Endocrine Abstracts

Introduction: Anaplastic thyroid cancer has long been considered as a mesenchymal tumor (sarcoma). To date, it is difficult to differentiate between the two types. Radio-induced sarcomas of the head and neck are a very rare entity. Their annual incidence is 0.06 to 0.17%.

Observation: We report the case of a 83-year-old patient, with a history of breast neoplasia treated with radiotherapy 7 years ago. Followed for a year for papillary carcinoma of the thyroid in its papillo-vesicular form classified PT3NxMx. During the follow-up, the cervical ultrasound was normal and the Tg was at zero. After 3 months, she had a 5 cm cervical mass, with lymph nodes; and a very fast evolution with significant compressive signs, and lung metastasis. Fine needle aspiration evokes anaplastic carcinoma. This mass fistulised spontaneously, and the anatomopathological study concluded a radio-induced sarcoma. The patient died quickly after the diagnosis.
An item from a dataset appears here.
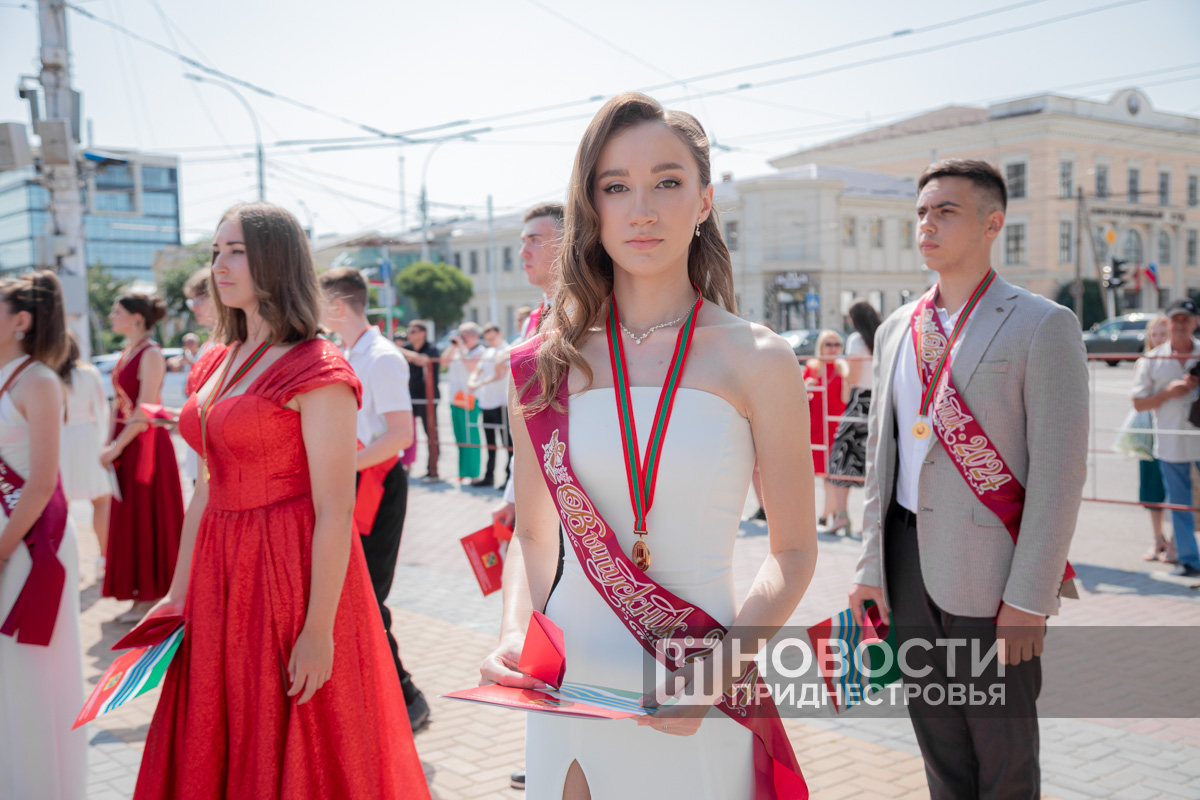 Тирасполь, 20 июня. /Новости Приднестровья/. Сегодня столичным выпускникам-медалистам вручили заслуженные награды. По красной ковровой дорожке прошли 66 обладателей золотых и серебряных медалей.
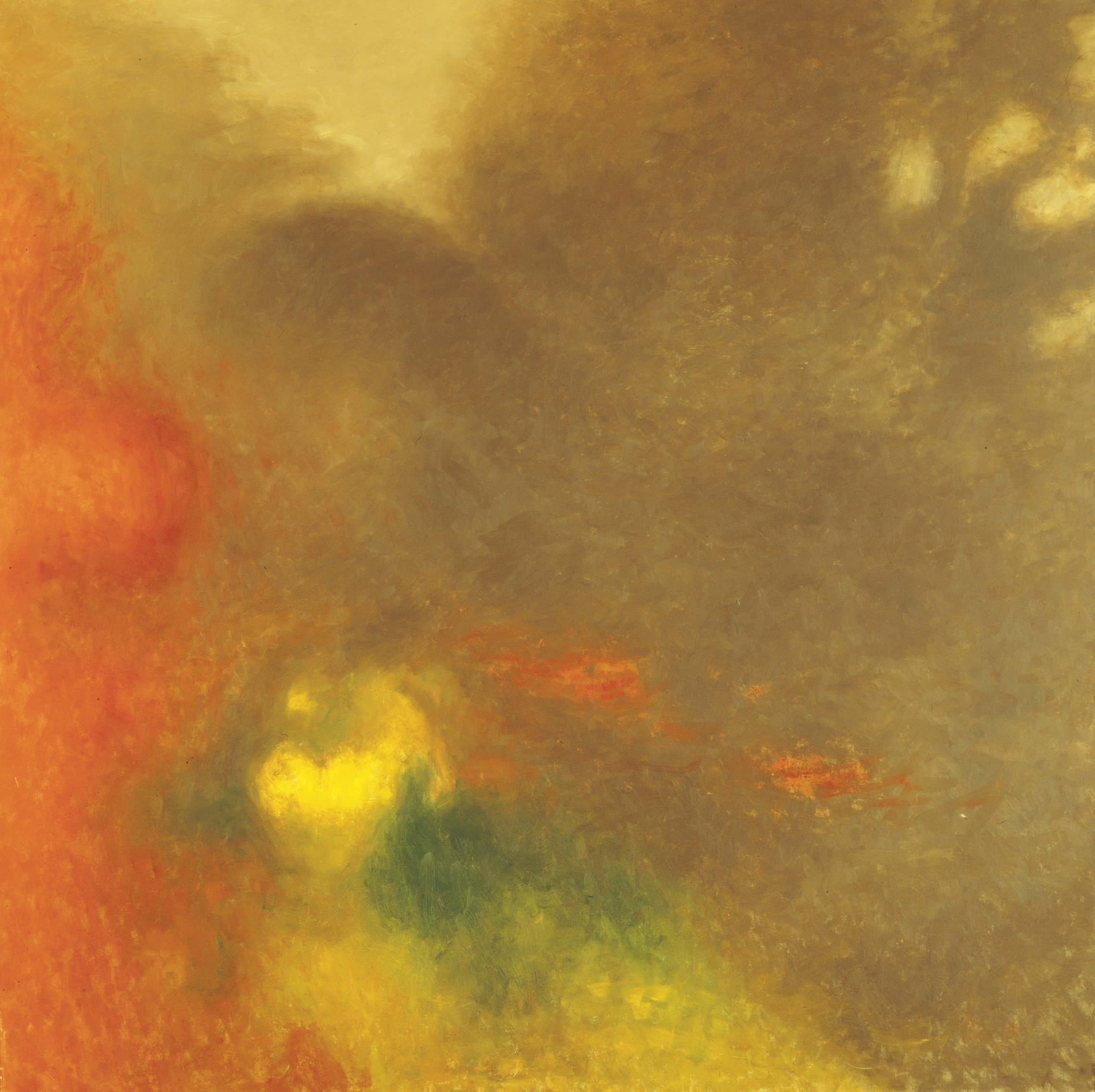 Om anknytningen till musik ger Feuk en annan ingång till den idé om fragmentet som var central i den litteraturvetenskapliga omläsningen av romantiken, som bland annat kom uttryck i temanumret av Kris (nr. 23–24, 1983, där Billgren också medverkade), så får den ändå två funktioner. Chopin finns i bakgrunden till collagen, liksom Schumann, vilka båda, som Billgren själv skriver, visar på möjligheten att göra avsteg från ”verkets princip”, att röra sig mot en ”uppfordrande mångfald som skiljer sig från den mångtydighet man stöter på hos ett ’väl sammanhållet’ konstverk” (cit. på 251f). Men för Feuk förblir collagen ändå – och kanske just därför – sidostycken och han vänder sig mot Lars Nittves tes att de skulle utgöra grundprincipen hos Billgren,[5] vilket är en av de få gånger då tidigare uttolkare apostroferas direkt. För Nittve visar oss Billgren i litografiserien Romantiska landskap, som följde på collagen, ett ”landskap utan natur”, en konst om konst, medan Feuks tar utgångspunkt i tre målningar, Verborgenheit (1982), Occident och Orient (båda 1983), som visades tillsammans på Galleri Asbaek i Köpenhamn. I Nittves läsning negerar målningarna varandra, de falsifierar och upphäver varandra i tur och ordning, och därmed också idén om ett enhetligt bakomliggande subjekt; för Feuk finns lika mycket en anknytning till natur, som i Occident, där han ser ”strån och stjälkar, detaljer som kan påminna om torkade blomställningar eller frökapslar” (258); Nittve ser spår av Monet, medan Feuk – utan att för den skull förneka referensen till Monet – anar ett ogenomskinligt djup. I Verborgenheit (titeln kommer från en dikt av Mörike, tonsatt av Hugo Wolf), enas dock Feuk och Nittve i att se ett diffust töcken, något ”romantiskt ouppnåeligt” (260), vilket vore en enhet, låt vara transcendent, som skulle motsäga collage-principen.

Discussion: The long-term carcinogenic potential of ionizing radiation is well established. Although pleomorphic undifferentiated thyroid sarcoma (WHO 2013 classification) is extremely rare, this diagnosis should be considered in patients with rapidly progressive mass with compressive signs (similar signs to anaplastic carcinoma). In order to propose a treatment by complete and wide surgical exeresis. Although traditionally, they are considered very aggressive tumors with poor prognosis.